In 1876, Newton married Mary Elizabeth Bailey, and the couple had three children.

==Architectural works==
- Central Police Station, Market Sq., Newport, RI (1866–67) - Demolished.
- Thames Street M. E. Church, 390 Thames St., Newport, RI (1866) - Altered.
- Dr. James R. Newton Office, 394 Thames St., Newport, RI (1867) - Built for the architect's father.
- Gull Rock (Robert V. McKim House), 8 Yznaga Ave., Newport, RI (1870) - Demolished 1972.
- Benjamin Rhodes House, 45 Everett St., Newport, RI (1871–72)
- Jacob Cram House (Cram-Sturtevant House), 438 Abe Meyer Ln., Middletown, RI (1871–72)
- William Birkhead House, 20 Catherine St., Newport, RI (1872)

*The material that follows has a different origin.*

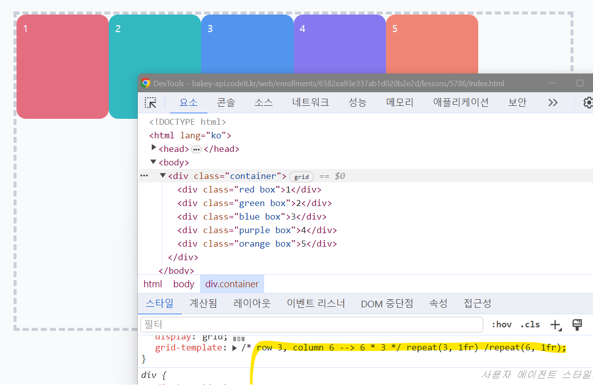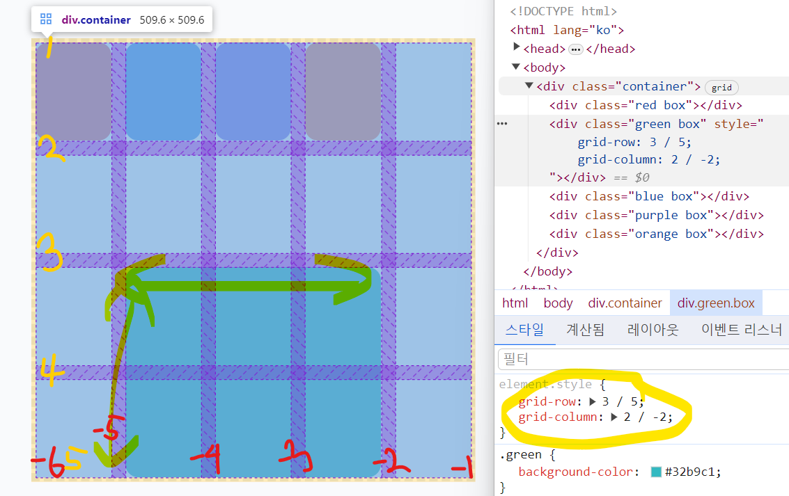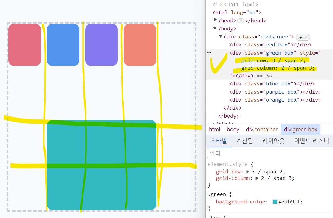 - 원하는 위치에, 여러 칸에 걸쳐서 배치 : grid-row(column), span

- Charles C. Churchill House, 62 Ayrault St., Newport, RI (1872)
- Dudley Newton Studio, 20 Bellevue Ave., Newport, RI (1872) - Newton's office.
- Fairview (John W. Downing House), 34 Malbone Rd., Newport, RI (1873–74)
- Newport Gas Co. Building, 181 Thames St., Newport, RI (1874) - Demolished.
- Henry H. Swinburn House, 97 Rhode Island Ave., Newport, RI (1875–76)
- Sarah C. Woolsey House, 93 Rhode Island Ave., Newport, RI (1875)
- Rectory for Emmanuel Episcopal Church, 3 Bellevue Ct., Newport, RI (1877)
- William H. Smith House, 135 Pelham St., Newport, RI (1878)
- Fire Station No. 2, Bridge & 3rd Sts., Newport, RI (1880) - Demolished.
- Charles Pinard House, 49 Annandale Rd., Newport, RI (1880–81)
- Convent for St. Mary R. C. Church, 398 Thames St., Newport, RI (1880) - Moved to its current site in 1991.
- Sunnylea (Charles F. Chickering House), 541 Bellevue Ave., Newport, RI (1881–82)
- Julia H. Eldridge House, Ruggles & Ochre Point Aves., Newport, RI (1882–83)
- Hawkhurst (Catherine Seymour House), Kay St. & Cranston Ave., Newport, RI (1882) - Split into 4 separate houses in 1930s.
- Henrietta Lieber House, 67 Rhode Island Ave., Newport, RI (1882–83)
- Matilda Lieber House, 69 Rhode Island Ave., Newport, RI (1882–83)
- Dudley Newton House, 52 Division St., Newport, RI (1882) - The architect's own home.
- William Gordon Weld II House, 364 Bellevue Ave., Newport, RI (1882–84)
- Bethshan (Theodore K. Gibbs House), 396 Gibbs Ave., Newport, RI (1883)
- Windecke (William Binney House), 80 Catherine St., Newport, RI (1883–84)
- Rectory for St. Mary R. C. Church, 14 William St., Newport, RI (1886) - Burned 1921.
- Darlington Schoolhouse, 600 Ramapo Valley Rd., Mahwah, NJ (1891) - Financed by Theodore Havemeyer, a Newport summer resident.
- Kinsley Building, 286 Thames St., Newport, RI (1891) - One of very few downtown buildings built in the late 19th century.
- Harold Carter Brown House, 459 Bellevue Ave., Newport, RI (1894)
- Fire Station No. 5, 119 Touro St., Newport, RI (1895) - Altered.
- Crossways (Stuyvesant Fish House), 95 Ocean Ave., Newport, RI (1896–98)
- Susan J. Weaver House, 59 Kay St., Newport, RI (1897)

Newton was also the supervising architect for James J. Van Alen's Wakehurst, designed in 1887 by English architect Charles Eamer Kempe. By himself he designed the estate's stables in 1888.